## The problem
Give the listing again in full and exactly, apart from its pictures.

## Data shown

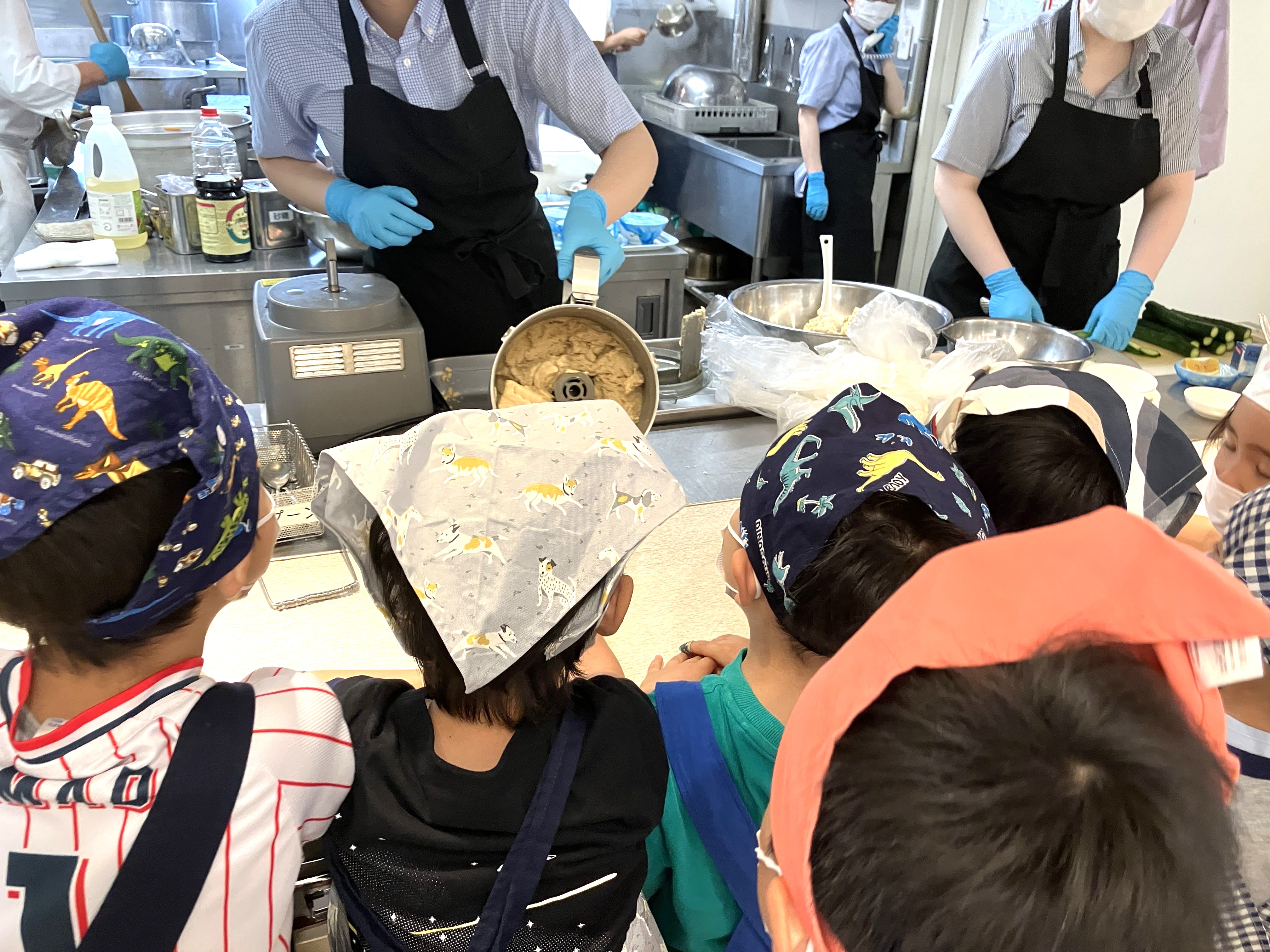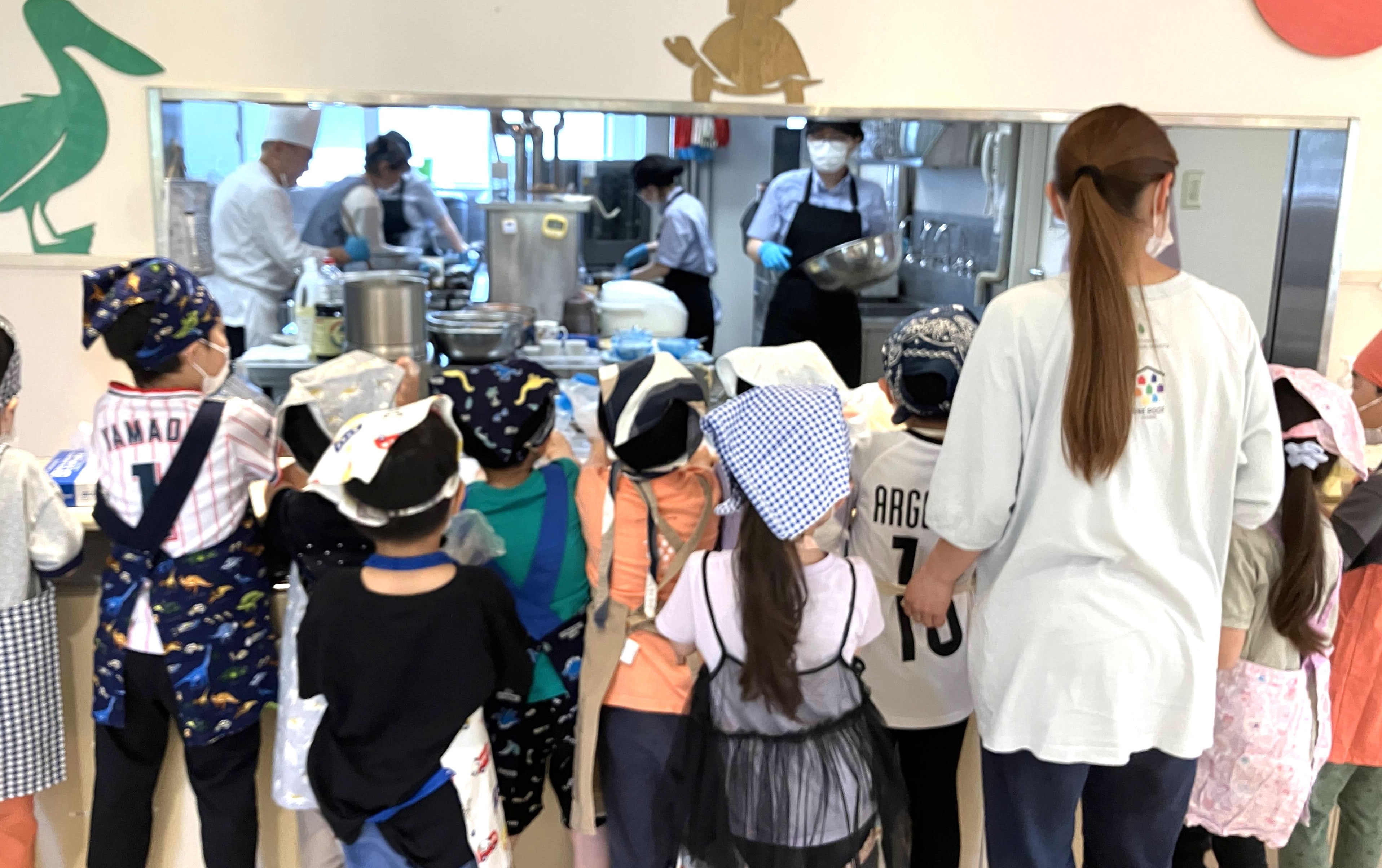 また、調理室では、子どもたちが先日園で収穫した夏野菜を、調理室の先生たちが切っている様子が見られました。調理室のカウンター越しに、子どもたちが背伸びをしてその様子をのぞき込む微笑ましい姿も見られました。
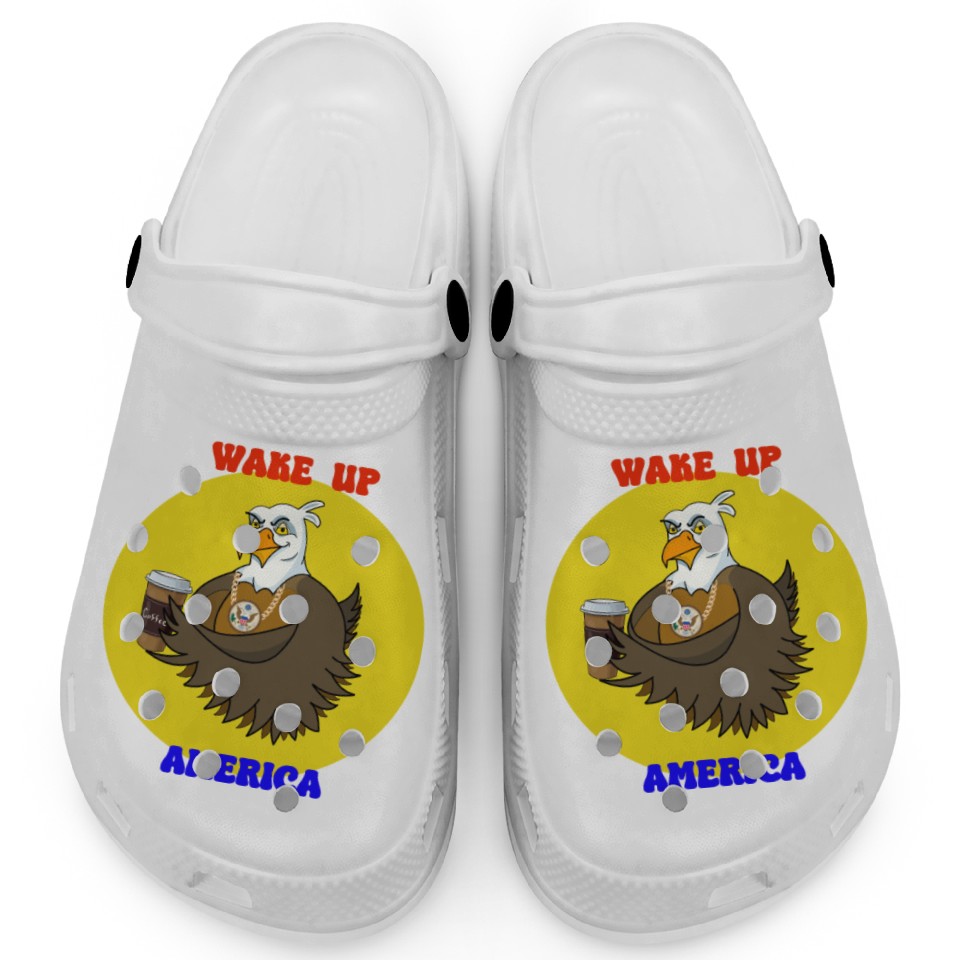 You are viewing one of the trendiest products Wake Up America - Bald Eagle Drinking Coffee Clogs For Kids WHITE belong theme Clogs at Printblur
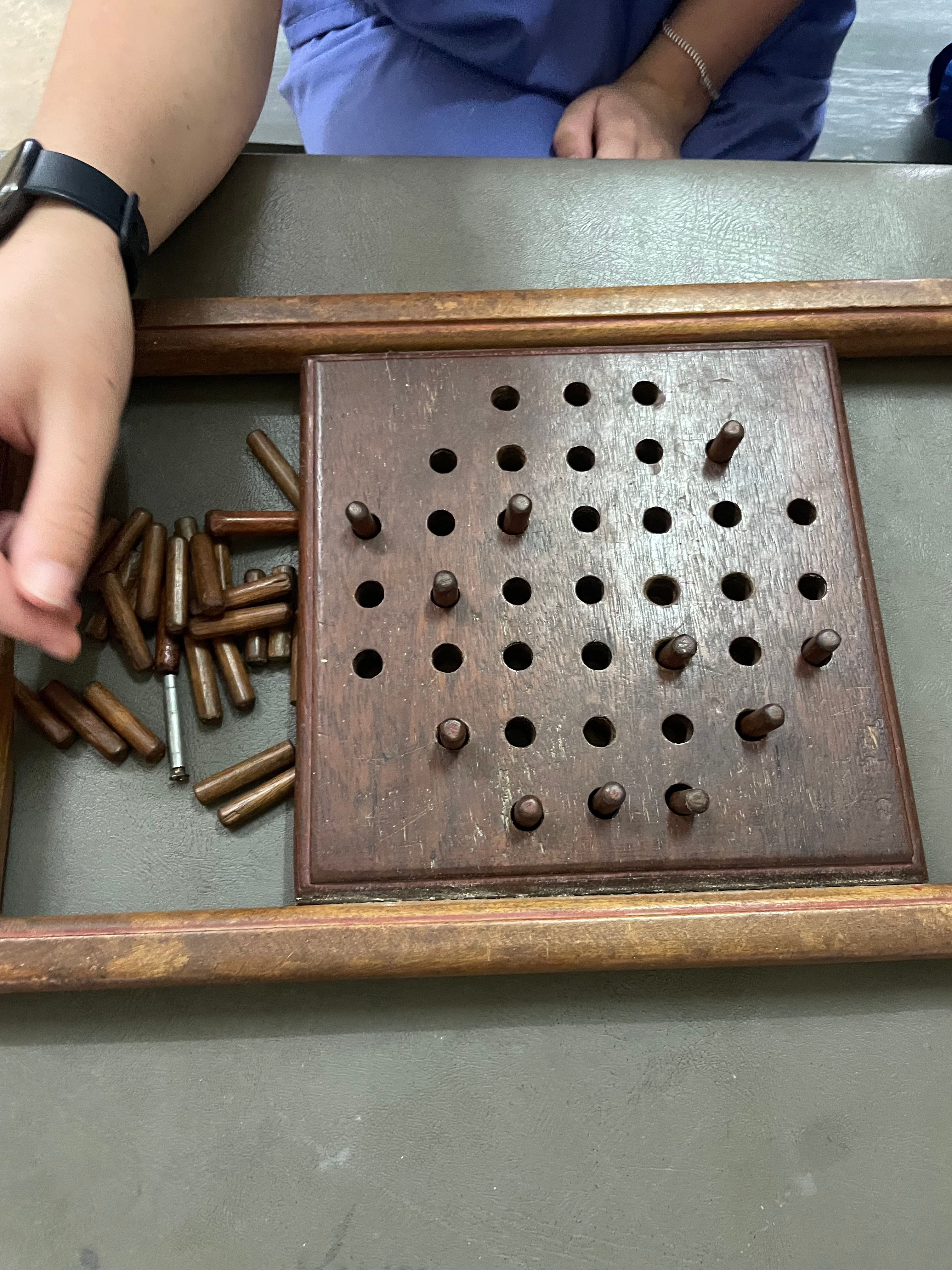To update from last week we actually got to do stuff! (Woo), after all of that palava. Our work mainly consisted of assisting occupational therapy sessions and working across 6 male and female wards. Occupational therapy is where individuals take part in interventions to improve their daily living this can be anger management, motor skills training and cognitive interventions. Occupational therapy sessions were so interesting the way games are designed to aid motor skills and cognition, we played pick up sticks and a strange hole game (no clue what the name was). The games were difficult to play but as we played the more we progressed and improved alongside the clients, I got very competitive I can’t lie.

## Answer area
 また、調理室では、子どもたちが先日園で収穫した夏野菜を、調理室の先生たちが切っている様子が見られました。調理室のカウンター越しに、子どもたちが背伸びをしてその様子をのぞき込む微笑ましい姿も見られました。
 You are viewing one of the trendiest products Wake Up America - Bald Eagle Drinking Coffee Clogs For Kids WHITE belong theme Clogs at Printblur
To update from last week we actually got to do stuff! (Woo), after all of that palava. Our work mainly consisted of assisting occupational therapy sessions and working across 6 male and female wards. Occupational therapy is where individuals take part in interventions to improve their daily living this can be anger management, motor skills training and cognitive interventions. Occupational therapy sessions were so interesting the way games are designed to aid motor skills and cognition, we played pick up sticks and a strange hole game (no clue what the name was). The games were difficult to play but as we played the more we progressed and improved alongside the clients, I got very competitive I can’t lie.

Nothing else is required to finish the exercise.